UCLA Speech Processing and Auditory Perception Laboratory

 
COPYRIGHT NOTICE
This page includes the toolkits and data that we used in our papers. Please cite our corresponding papers when using any of the following materials.

 

Sharewares: Codes, Databases, and Useful Links

Codes

Glottaltopograph (GTG) analyze tool: a toolkit to analyze high-speed laryngeal videos.

Glottaltopography is a method to analyze high-speed laryngeal videos. The method is described in this paper: Gang Chen, Jody Kreiman, Abeer Alwan, "The glottaltopogram: a method of analyzing high-speed images of the vocal folds", Computer Speech and Language, 2014, in press. Briefly, the "glottaltopogram" is based on principal component analysis of pixels' light-intensity time sequences from consecutive video images. This method reveals the overall synchronization of the vibrational patterns of the vocal folds over the entire laryngeal area. This method is effective in visualizing pathological and normal vocal fold vibratory patterns. The GTG toolkit is available for download here.


Harmfreq_MOLRT: a statistical model, likelihood ratio test (LRT)-based speech/non-speech detection algorithm

Harmfreq_MOLRT is a statistical model, likelihood ratio test (LRT)-based speech/non-speech detection algorithm. The likelihood ratios (LRs) for voiced and unvoiced frames are computed differently: LR for voiced frames is calculated using only the harmonic DFTs; for unvoiced frames, LR is calculated using all DFTs.  It is an improved version of the multiple observation (MO) LRT VAD proposed by Ramirez et. al. [Matlab code of Harmfreq_MOLRT VAD]

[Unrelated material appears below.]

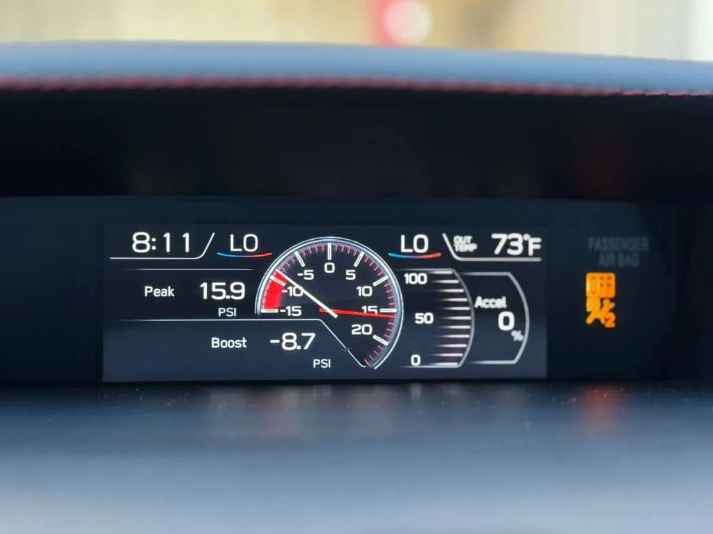 Leather Upholstery, Recaro Front seat, Proximity Entry System Multi-function remote, Faux Suede Steering wheel trim, Automatic Climate Control Front air conditioning, Dual Front air conditioning zones, 8 Driver seat power adjustments, Push-button start, Heated Driver seat, Leather Shift knob trim, Heated Passenger seat, Faux Suede Upholstery accents, Contrast Stitching Upholstery accents, Variable/speed-proportional Power steering, Cruise control, Leather Parking brake trim, Ambient lighting, Simulated Carbon Fiber Dash trim, Stainless Steel Door sill trim, 60-40 Split Bench Rear seat, Leatherette Door trim, Carpet Floor mat material, Air filtration, Aluminum Alloy Foot pedal trim, In Floor Storage, Split Rear seat folding, Two 12V Front Power outlet(s), Tilt And Telescopic Steering wheel, Rear Floor mats, Front Floor mats, Multi-function display, Front Console With Armrest And Storage Center console, Rear Center With Cupholders Armrests, Rear Folding Armrests, Illuminated Center console, External temperature display, MPG Fuel economy display, Range Fuel economy display, Front Reading lights, Tachometer Gauge, Door Courtesy lights, Manual Day/night Rearview mirror, Reclining Driver seat power adjustments, Height Driver seat power adjustments, 4.2 In. Instrument cluster screen size, Front Cupholders, Maintenance Due Warnings and reminders, Front Overhead console, Dual Illuminating Vanity mirrors, Rear Cupholders, Cargo area light, 1 One-touch windows, Panic Alarm Multi-function remote, Audio Steering wheel mounted controls, Carpet Floor material, Cruise Control Steering wheel mounted controls, Phone Steering wheel mounted controls, Multi-function Steering wheel mounted controls, Front Seatback Storage, Voice Control Steering wheel mounted controls, Trunk Release Multi-function remote, Organizer Tray Center console, Painted Aluminum Alloy Wheels, Cornering Headlights, LED Headlights, Carbon Fiber Rear spoiler color, Self-leveling Headlights, Quad Tip Exhaust, Safety Reverse Power windows, Heated windshield wiper rests, Wing Rear spoiler, Power Side mirror adjustments, Heated Side mirrors, Daytime running lights, Ground effects/lower spoilers, Approach Lamps Exterior entry lights, Steel Spare wheel, Hood scoop, Rear Window defogger, Variable Intermittent Front wipers, Tire Pressure Monitoring System, Integrated Turn Signals Side mirrors, Auto On/off Headlights, Auto Delay Off Headlights, Temporary Spare tire size, Front Underguard Bumper detail, Rear Underguard Bumper detail, Wiper Activated Headlights, Black Window trim, Black Mirror color, Manual Folding Side mirror adjustments, Black Grille color, Stainless Steel Exhaust tip color, Black Headlight bezel color, Brembo Premium brakes, Driver Knee airbags, Rearview Camera system, Front Side airbags, Rear Side curtain airbags, Front Side curtain airbags, 4-wheel ABS, Anti-lockout Power door locks, Cornering brake control, Painted brake calipers, Ventilated Disc Rear brake, Alarm Anti-theft system, Braking assist, Hill holder control, Ventilated Disc Front brake, Dual Front airbags, Vehicle Immobilizer Anti-theft system, Power brakes, LATCH System Child seat anchors, Electronic brakeforce distribution, Stability control, Traction control, In Dash Rearview monitor, Occupant Sensing Passenger Airbag deactivation, Front Seatbelt pretensioners, Front Seatbelt force limiters, Front Seatbelt warning sensor, Driver Emergency locking retractors, Fuel Cut-off Impact sensor, MySubaru Smart device app compatibility, Bluetooth Wireless data link, Voice Operated Radio, Bluetooth Auxiliary audio input, HD Radio Radio, Pandora Internet radio app, 7 In. Infotainment screen size, Touch Screen Display Radio, With Read Function Electronic messaging assistance, Voice Operated Electronic messaging assistance, SiriusXM Satellite radio, 6 Total speakers, IHeartRadio Internet radio app, Stitcher Internet radio app, AHA Internet radio app, USB Auxiliary audio input, IPod/iPhone Auxiliary audio input, Voice Guided Directions Satellite communications, Vehicle Location Smart device app function, Lock Operation Smart device app function, STARLINK Infotainment, Single Disc In-Dash CD, MP3 Playback In-Dash CD, Maintenance Status Smart device app function, Maintenance Scheduling Smart device app function, Jack Auxiliary audio input, Roadside Assistance Driver assistance app, AM/FM Radio, Radio data system, Speed sensitive volume control, Yelp Connected in-car apps, Performance exhaust, Rear Limited slip differential, Center Limited slip differential, Front Limited slip differential, Center Locking differential, Sport Tuned suspension, Full Time 4WD, Drive mode selector, Independent Front suspension classification, Independent Rear suspension classification, Inverted Front struts, Double Wishbone Rear suspension, 110 Amps Alternator, Diameter 20 Mm Rear stabilizer bar, Diameter 24 Mm Front stabilizer bar

MBSC: a Multi-Band Summary Correlogram (MBSC)-based pitch detection algorithm for noisy speech

MBSC is a Multi-Band Summary Correlogram (MBSC)-based pitch detection algorithm for noisy speech.  The package contains the matlab code that is used to generate the pitch detection results reported in L. N. Tan, and A. Alwan, "Multi-Band Summary Correlogram-based Pitch Detection for Noisy Speech", Speech Communication, in press.  A fast version of the code is also provided in the package. [Matlab code of MBSC pitch detector (to be updated soon)]

SAFE: a Statistical Algorithm for F0 Estimation

SAFE is a toolkit using a Statistical Algorithm for F0 Estimation for both clean and noisy speech. It is developed at the Speech Processing and Auditory Perception Laboratory at UCLA by Wei Chu and Prof. Abeer Alwan. Available for download from here.

VFR: Variable Frame Rate

↑Top

    Variable Frame Rate (VFR) analysis is a method of feature extraction for noise robust automatic speech recognition (ASR) which builds on speech perception research that shows that dynamic spectro-temporal information is important, and, hence, not all equi-duration speech segments are equally important perceptually. For example, formant transitions at the onset of a vowel can carry more discriminative information than the steady-state part of the vowel ... (details) ( download)

VoiceSauce: A Program for Voice Analysis

↑Top

    VoiceSauce is an application, implemented in Matlab, which provides automated voice measurements over time from audio recordings. Inputs are standard wave (*.wav) files and the measures currently computed are: F0, Formants F1-F4, H1(*), H2(*), H4(*), A1(*), A2(*), A3(*), H1(*)-H2(*), H2(*)-H4(*), H1(*)-A1(*), H1(*)-A2(*), H1(*)-A3(*), Energy, and Cepstral Peak Prominence ... (details)

XVocal: Vocal Tract Articulatory Synthesizer

↑Top

    XVocal
    is the UNIX version of Dr. Shinji Maeda's Vocal Tract Articulatory Synthesizer, VTCALCS (originally developed for the PC platform). In 1995, Edmond Chi Hin Chui of our laboratory ported the PC version to UNIX. With the permission by Dr. Maeda, XVocal is now freely available if used for research purposes only. Please check out the user manual for a detailed instruction on how to use the program... (details)

CTMRedit: a Matlab based MRI Image Segmentation Tool with GUI

↑Top

    A Matlab GUI for viewing, segmenting, and interpolating CT and MRI Images. Written by Mark Hasegawa-Johnson and Jul Cha... (details)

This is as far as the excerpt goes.